Source records:
====

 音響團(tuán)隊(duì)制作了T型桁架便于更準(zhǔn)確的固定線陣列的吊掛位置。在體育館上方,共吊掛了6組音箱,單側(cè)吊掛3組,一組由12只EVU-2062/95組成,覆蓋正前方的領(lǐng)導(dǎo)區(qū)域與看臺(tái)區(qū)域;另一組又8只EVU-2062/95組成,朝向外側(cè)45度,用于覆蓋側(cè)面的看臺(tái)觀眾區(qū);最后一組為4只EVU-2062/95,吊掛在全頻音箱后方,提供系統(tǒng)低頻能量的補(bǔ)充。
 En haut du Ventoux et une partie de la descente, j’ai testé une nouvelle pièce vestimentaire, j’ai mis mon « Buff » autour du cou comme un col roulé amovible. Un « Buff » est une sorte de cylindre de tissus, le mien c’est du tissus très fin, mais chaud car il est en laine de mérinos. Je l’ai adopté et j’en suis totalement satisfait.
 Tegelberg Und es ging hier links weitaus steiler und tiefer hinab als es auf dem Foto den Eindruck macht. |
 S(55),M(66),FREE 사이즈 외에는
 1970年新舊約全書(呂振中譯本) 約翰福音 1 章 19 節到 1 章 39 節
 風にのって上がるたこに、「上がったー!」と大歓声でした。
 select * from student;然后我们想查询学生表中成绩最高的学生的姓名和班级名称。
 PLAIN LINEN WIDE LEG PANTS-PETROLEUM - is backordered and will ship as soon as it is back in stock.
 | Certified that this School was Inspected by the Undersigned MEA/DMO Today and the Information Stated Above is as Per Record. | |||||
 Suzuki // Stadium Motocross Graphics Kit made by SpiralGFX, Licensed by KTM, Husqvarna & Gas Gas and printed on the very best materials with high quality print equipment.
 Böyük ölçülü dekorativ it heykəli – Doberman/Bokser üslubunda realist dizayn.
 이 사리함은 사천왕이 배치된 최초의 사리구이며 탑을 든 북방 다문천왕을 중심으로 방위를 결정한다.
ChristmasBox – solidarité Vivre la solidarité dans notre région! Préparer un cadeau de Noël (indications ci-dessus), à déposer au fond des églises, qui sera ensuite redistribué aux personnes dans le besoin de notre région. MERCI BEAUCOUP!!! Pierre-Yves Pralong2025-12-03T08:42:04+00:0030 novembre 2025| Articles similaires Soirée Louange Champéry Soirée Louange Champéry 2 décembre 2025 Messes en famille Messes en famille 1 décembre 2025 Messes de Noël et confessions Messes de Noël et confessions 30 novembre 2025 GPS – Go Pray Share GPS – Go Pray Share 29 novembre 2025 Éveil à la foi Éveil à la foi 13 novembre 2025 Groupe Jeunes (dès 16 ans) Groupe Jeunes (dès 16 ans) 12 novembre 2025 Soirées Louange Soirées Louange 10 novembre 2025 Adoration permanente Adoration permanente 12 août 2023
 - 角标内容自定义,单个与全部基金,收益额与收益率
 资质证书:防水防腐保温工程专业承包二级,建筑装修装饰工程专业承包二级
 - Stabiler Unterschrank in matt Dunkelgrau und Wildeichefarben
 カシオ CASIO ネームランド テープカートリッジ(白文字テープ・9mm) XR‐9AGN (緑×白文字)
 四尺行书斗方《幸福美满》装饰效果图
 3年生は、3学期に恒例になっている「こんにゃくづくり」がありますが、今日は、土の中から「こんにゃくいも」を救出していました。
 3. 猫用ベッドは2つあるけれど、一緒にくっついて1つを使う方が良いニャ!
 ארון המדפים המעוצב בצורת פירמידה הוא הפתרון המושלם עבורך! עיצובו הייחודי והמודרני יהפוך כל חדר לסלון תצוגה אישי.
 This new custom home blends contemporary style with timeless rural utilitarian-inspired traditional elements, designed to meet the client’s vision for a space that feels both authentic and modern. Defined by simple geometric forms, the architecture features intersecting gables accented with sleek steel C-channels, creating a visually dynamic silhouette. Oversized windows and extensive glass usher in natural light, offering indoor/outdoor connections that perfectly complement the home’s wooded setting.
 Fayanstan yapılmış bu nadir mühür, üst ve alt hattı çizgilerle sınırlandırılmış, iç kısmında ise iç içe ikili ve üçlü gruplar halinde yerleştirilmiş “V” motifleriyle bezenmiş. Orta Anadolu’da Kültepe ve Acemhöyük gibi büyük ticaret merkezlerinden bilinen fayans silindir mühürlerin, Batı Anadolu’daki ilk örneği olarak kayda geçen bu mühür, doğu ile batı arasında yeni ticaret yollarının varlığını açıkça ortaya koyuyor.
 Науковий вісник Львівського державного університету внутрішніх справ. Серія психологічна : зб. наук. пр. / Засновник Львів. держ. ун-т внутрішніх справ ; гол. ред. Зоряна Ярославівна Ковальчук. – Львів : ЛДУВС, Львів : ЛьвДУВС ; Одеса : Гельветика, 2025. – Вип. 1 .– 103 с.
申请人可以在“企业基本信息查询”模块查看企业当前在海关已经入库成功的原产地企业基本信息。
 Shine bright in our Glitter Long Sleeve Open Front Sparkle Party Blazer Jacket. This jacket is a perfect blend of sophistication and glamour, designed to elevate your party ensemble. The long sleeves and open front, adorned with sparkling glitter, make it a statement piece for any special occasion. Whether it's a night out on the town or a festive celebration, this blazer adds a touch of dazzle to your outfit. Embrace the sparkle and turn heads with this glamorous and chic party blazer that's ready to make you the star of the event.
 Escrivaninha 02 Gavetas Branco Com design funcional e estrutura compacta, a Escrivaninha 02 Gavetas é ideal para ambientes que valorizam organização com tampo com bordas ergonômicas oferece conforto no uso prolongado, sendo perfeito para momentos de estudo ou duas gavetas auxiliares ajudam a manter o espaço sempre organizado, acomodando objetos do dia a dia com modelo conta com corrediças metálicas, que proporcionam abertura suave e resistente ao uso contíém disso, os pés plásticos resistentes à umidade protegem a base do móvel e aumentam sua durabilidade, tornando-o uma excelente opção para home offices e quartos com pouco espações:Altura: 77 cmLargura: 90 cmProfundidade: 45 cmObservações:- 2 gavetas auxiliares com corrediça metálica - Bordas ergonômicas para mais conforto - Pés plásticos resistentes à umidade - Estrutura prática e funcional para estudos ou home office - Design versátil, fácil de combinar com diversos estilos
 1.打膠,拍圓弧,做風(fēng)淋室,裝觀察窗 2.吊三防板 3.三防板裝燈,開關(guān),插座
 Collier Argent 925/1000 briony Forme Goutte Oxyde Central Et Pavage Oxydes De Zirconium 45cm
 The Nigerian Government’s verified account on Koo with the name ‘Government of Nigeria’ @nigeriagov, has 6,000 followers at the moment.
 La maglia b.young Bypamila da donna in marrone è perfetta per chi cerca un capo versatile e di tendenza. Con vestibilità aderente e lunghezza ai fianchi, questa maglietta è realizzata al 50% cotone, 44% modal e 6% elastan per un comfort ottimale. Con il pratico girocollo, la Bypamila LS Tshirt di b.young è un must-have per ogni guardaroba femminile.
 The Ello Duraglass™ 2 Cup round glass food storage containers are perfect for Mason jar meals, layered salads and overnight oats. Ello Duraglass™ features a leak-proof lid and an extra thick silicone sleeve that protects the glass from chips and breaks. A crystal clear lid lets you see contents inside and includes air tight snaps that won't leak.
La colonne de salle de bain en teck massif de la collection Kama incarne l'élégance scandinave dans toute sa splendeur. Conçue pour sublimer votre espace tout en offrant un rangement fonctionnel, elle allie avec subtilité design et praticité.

====

What the task requires -> Only lines containing the string "from" belong in the answer; find them in the data above and copy them.

Your response ->
 select * from student;然后我们想查询学生表中成绩最高的学生的姓名和班级名称。
 The Ello Duraglass™ 2 Cup round glass food storage containers are perfect for Mason jar meals, layered salads and overnight oats. Ello Duraglass™ features a leak-proof lid and an extra thick silicone sleeve that protects the glass from chips and breaks. A crystal clear lid lets you see contents inside and includes air tight snaps that won't leak.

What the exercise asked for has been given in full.